Он замолчал, глядя на что-то позади нас.

— Ага, ваш-друг тоже здесь, — сказал он.

Я резко повернулся. Блейк вытаращил глаза.

— Эй, друзья! — весело сказал от дверей Ренфью. — Какими же болванами мы были! — добавил он с гримасой.

Не зная, что ответить, я подбежал к нему, схватил за руку и мы обнялись. Блейк последовал моему примеру.

Когда мы, наконец, выпустили Ренфью из своих объятий и оглянулись, Касселлахата уже не было. Он исчез как раз вовремя, потому что я уже хотел дать ему в морду за его последнее замечание.

— Итак, внимание! — сказал Ренфью. — Мы начинаем.

Он посмотрел на нас с Блейком, оскалил зубы, радостно потер руки и добавил:

— Целую неделю я оглядывал тут все и обдумывал вопросы для этой старой квочки, а здесь…

Он подошел к Касселлахату.

— Что обусловливает постоянство скорости света? — начал он.

Касселлахат даже не моргнул.

— Скорость равна корню кубическому из tq, — ответил он. — q — означает глубину континуума пространства-времени, t — всеобщую толерантность или гравитацию, как сказали бы вы, всей материи этого континуума.

— Каким образом возникли эти планеты?

— Каждое солнце, чтобы удержаться в своем пространстве, выбрасывает материю, как корабль в море бросает якорь.
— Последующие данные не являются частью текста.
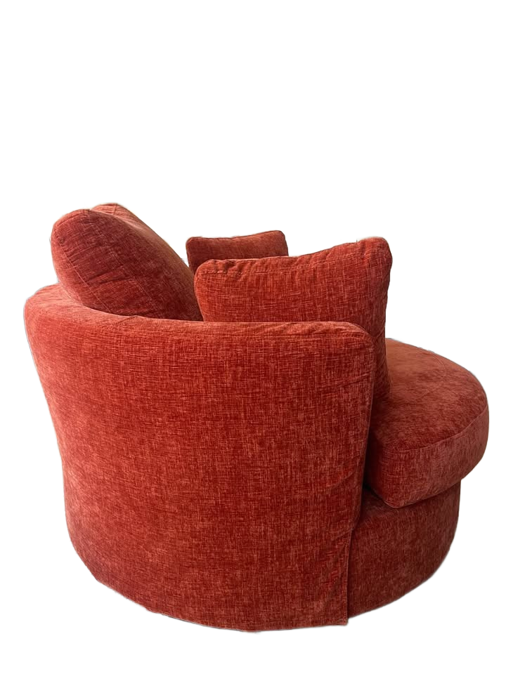 Fun, circular accent chair with 360 degree swivel and three pillows included.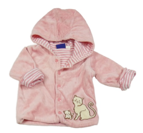 Růžová sametová propínací podšitá mikina s kočkou a kapucí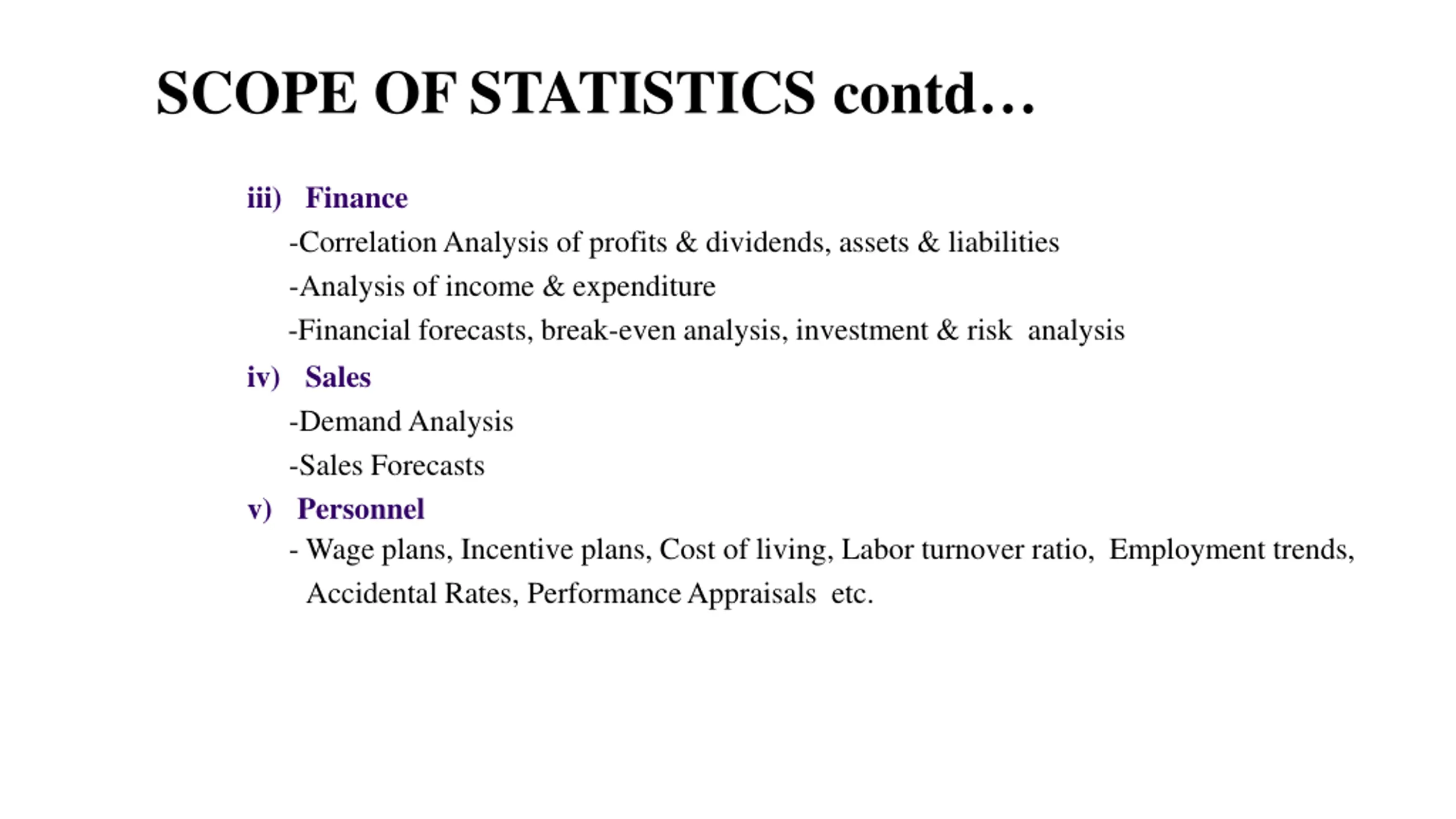 SCOPE OFSTATISTICS contd iii) Finance -Correlation Analysis of profits & dividends, assets & liabilities -Analysis of income & expenditure -Financial forecasts, break-even analysis, investment & risk analysis iv) Sales -DemandAnalysis -Sales Forecasts v) Personnel - Wage plans, Incentive plans, Cost of living, Labor turnover ratio, Employment trends, Accidental Rates, Performance Appraisals etc.

Это весьма поверхностное описание. Я мог бы дать вам математическое выражение, но его пришлось бы записывать. В конце концов, я не ученый. Просто эти факты известны мне с детства.

— Минуточку, — прервал его Ренфью. — Солнце выбрасывает эту материю безо всякого принуждения… лишь для того, чтобы остаться в равновесии?

Касселлахат посмотрел на него.

— Разумеется, нет. Принуждение очень сильно, уверяю вас. Без такого равновесия солнце выпало бы из своего пространства. Только несколько звезд-отшельниц могут поддержать равновесие без планет.

— Несколько чего? — спросил Ренфью. Он был потрясен настолько, что забыл о вопросах, которыми собирался засыпать Касселлахата.

Мысли мои прервал голос Касселлахата:

— Солнце-отшельник, — услышал я, — это очень старая холодная звезда класса М. Самые горячие из них, как известно, имеют температуру поверхности около девяноста градусов Цельсия, самые холодные — минус десять. Это отшельник, в буквальном смысле слова, одичавший с возрастом. Главная черта такой звезды в том, что она не допускает существования рядом с собой материи, планет или даже газов.

Ренфью молчал, задумавшись, и я воспользовался случаем, чтобы продолжить дискуссию.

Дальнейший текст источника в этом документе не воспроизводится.